I'm going to lay it out for you like this:
When we met, I didn't want to make you laugh
I just wanted to get your dick hard. Funny girls don't get dicks hard. So I didn't want to be too funny.
Because that's what matters. Because I like you like that- but I would never say anything. You get bored, you told me so, that girls come and go by the time the next month rolls on by.
I wanted to thrill you. With ambiguity. With your erection. Shit... the possibility of it popping up is enough to satisfy me. ( But not SASSIFY me )
I sincerely wanted to get your dick hard. Out of love. If it had been lust... I would have just made you sit across from me and Sharon Stoned you. But I didn't want to do that. I wanted to elicit a meaningful erection from you. Not a cheap and dirty hard dick. An attentive hard dick.
Tell me... if you had met me and I had on overalls and walked like I had a sawed-off shotgun in my pant leg ( boot? I wasn't wearing pants.) then started spitting nonsensical rhymes about thighs eyes and pussy sighs while fellatiating a tootsie pop with somebody else's baby on my hip, you probably wouldn't have taken me out again.
But I'm pretty sure you would have laughed.
I've grown. Matured. I've realized that my love of stupid is innate and impossible to ignore. Stupid is funny. Smart stupid is even better. But stupid is always easier.

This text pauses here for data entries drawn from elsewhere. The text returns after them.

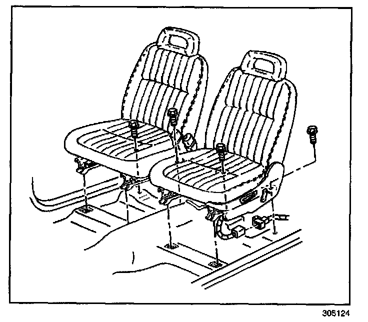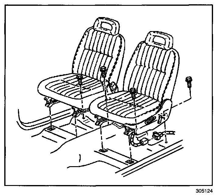 5. Tip the seat forward and engage the seat hook attachments to the floor pan.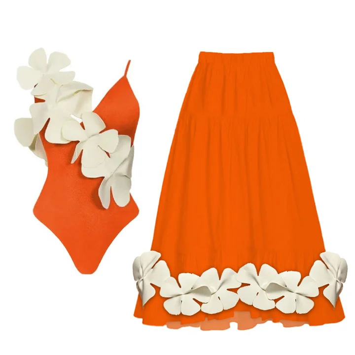 2024 유럽과 미국의 새로운 도착 수영복 V-목 꽃 장식 단색 백리스 수영복 및 우산 원피스 세트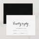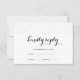 Elegante texto negro de cristal y frente de fondo blanco con delicados puntos metálicos falsos y espalda negra con falsos puntos metálicos tarjeta de respuesta boda.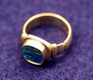 Sold14kt yellow gold opal inlay ring14kt yellow gold inlayed opal fashion band featuring a free form design and inlayed opal displaying a bluish green fire. Finger size 7.5. Weight 5.3 grams #1759See Sold Price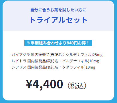 やっと一緒に気持ちよくなれたという幸福感と、未だに勃起し続けるペニスを見て改めてED薬ってすごいんだな…と思います。次の夜も、次の週末もバイアグラを飲んで、ちゃんと愛を確かめ合いました。僕のペニスに一番合っているのはシアリスでしたが、この辺は人によりますので、まずはトライアルの治療薬を3つ飲んでみたらいいかなと思います。

I'm sorry BooBoo, but I want to make you laugh AND give you meaningful erections.
But I can't give you anything hip or cool or culturally significant. I don't know what I should be wearing since what I'm wearing now is SO two years ago. I don't have a scene and nobody knows me.
All I've got is pussy, giggles, and casseroles.
But so much love. For you. And your glorious, kind, and undoubtedly beautiful penis. So much love.
Now take it before I throw it in the goddamn garbage and some hobo finds it and claims me as his own.